Quantum Monte Carlo in Configuration Space with Three-Nucleon Forces

TL;DR

This paper extends the Configuration-Interaction Monte Carlo method to include three-nucleon forces in neutron matter, enabling efficient calculations of its properties using non-local interactions in momentum space.

Contribution

The work introduces a novel extension of the CIMC method to incorporate three-nucleon interactions via the normal-ordered two-body approximation in neutron matter.

Findings

Equation of state results consistent with other many-body methods.

Predictions for momentum distribution and static structure factor.

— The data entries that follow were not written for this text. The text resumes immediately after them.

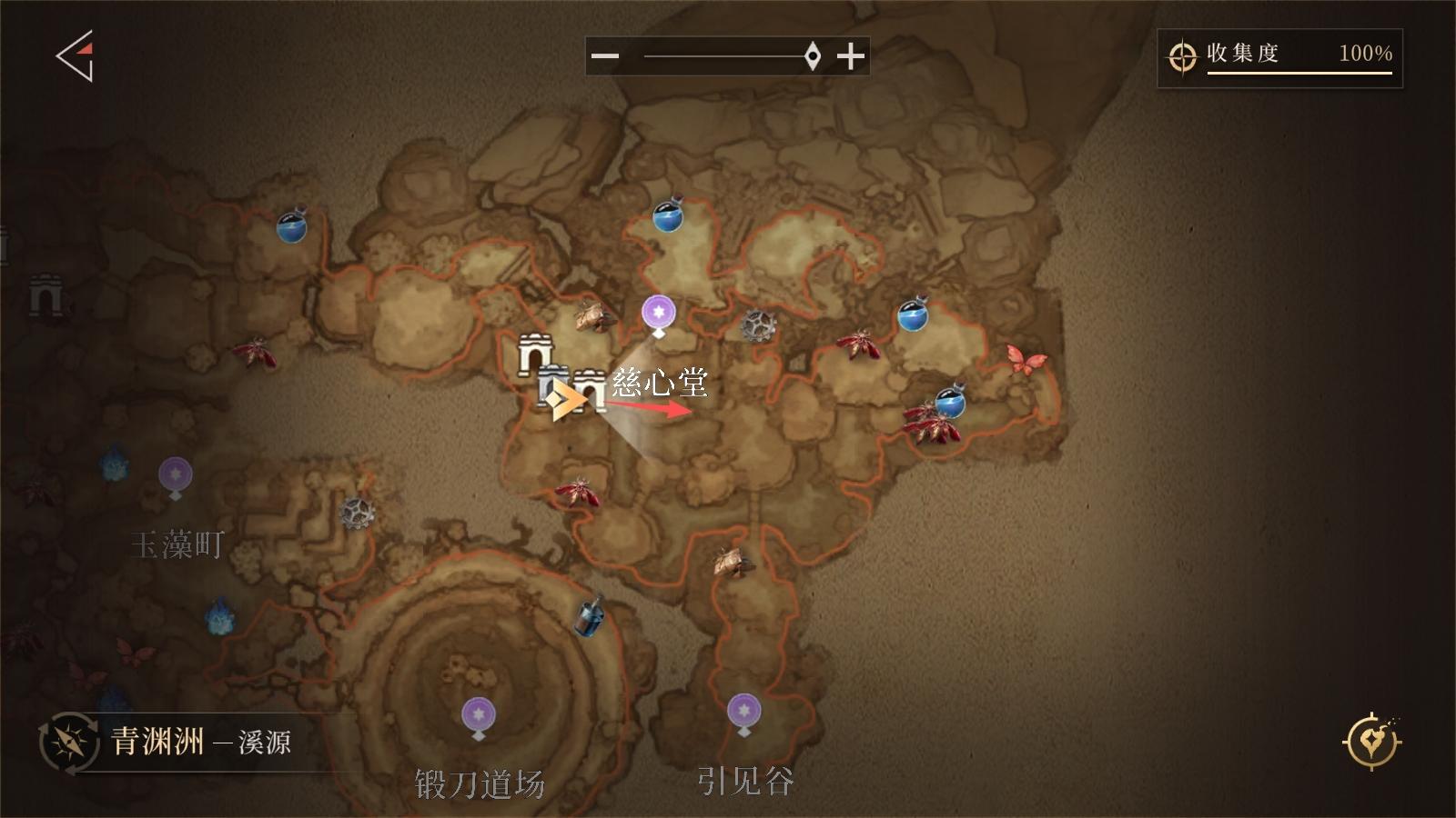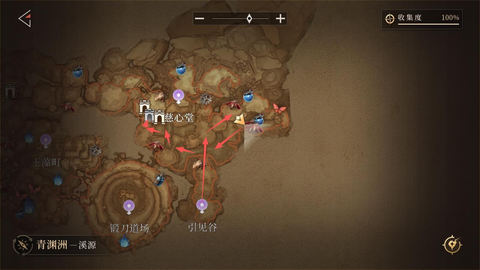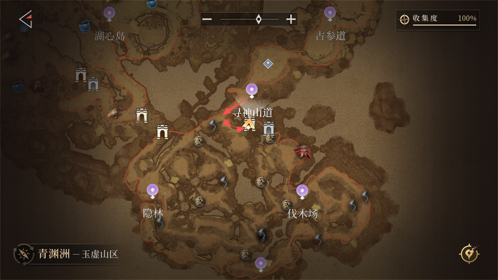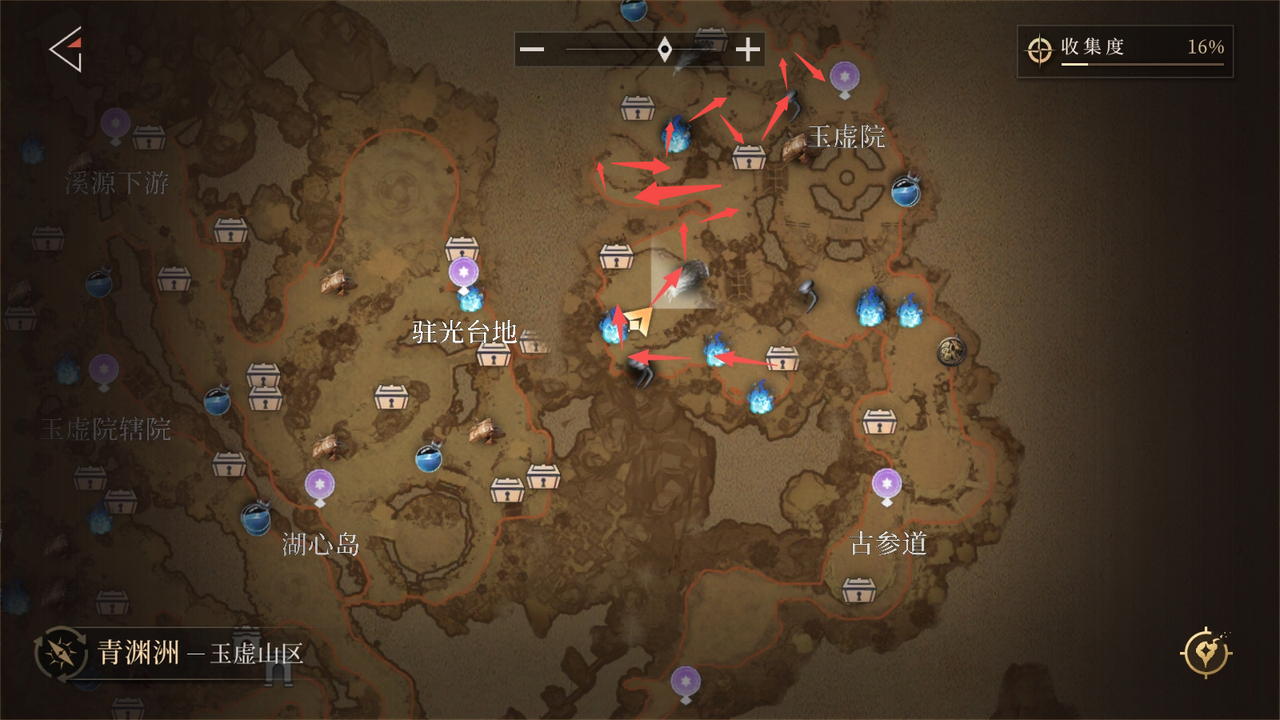 从「玉虚院」传送点出发,反向沿箭头路线行进
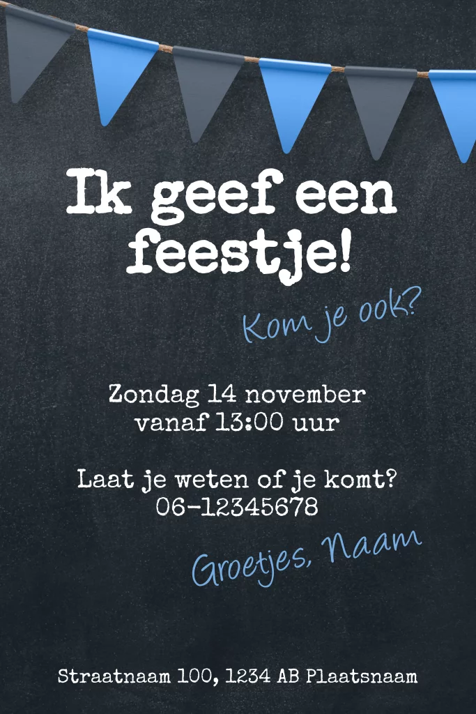 Jullie zoon is bijna jarig dat moet natuurlijk gevierd worden. Maak samen deze trendy uitnodiging. Op de voorkant staat het nummer 4 jaar in zwart krijtbord en voeg een zelfgemaakte foto toe.
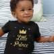 Adicione um toque especial às roupas do seu bebê com este adorável traje de uma peça personalizada que diz Pequeno Príncipe e tem uma coroa ouro. O texto, a coroa e as estrelas estão cobertos por uma falha falsa. Adicione o nome do seu menino para um toque personalizado, ou remova, de acordo com sua preferência. Também disponível como uma camisa de criança. Faz um excelente de aniversário personalizado, chá de fraldas, Natal ou outro presente de feriado!
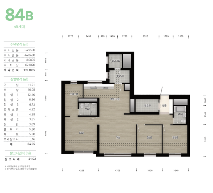 - 전용 84㎡: 90세대 (84A형, 84B형)

Demonstrates efficiency of CIMC with non-local interactions.

Abstract

Neutron matter, through its connection to neutron stars as well as systems like cold atom gases, is one of the most interesting yet computationally accessible systems in nuclear physics. The Configuration-Interaction Monte Carlo (CIMC) method is a stochastic many-body technique allowing to tackle strongly coupled systems. In contrast to other Quantum Monte Carlo methods employed in nuclear physics, the CIMC method can be formulated directly in momentum space allowing for an efficient use of non-local interactions. In this work we extend CIMC method to include three-nucleon interactions through the normal-ordered two-body approximation. We present results for the equation of state of neutron matter in line with other many-body calculations that employ low resolution chiral interactions, and provide predictions for the momentum distribution and the static structure factor.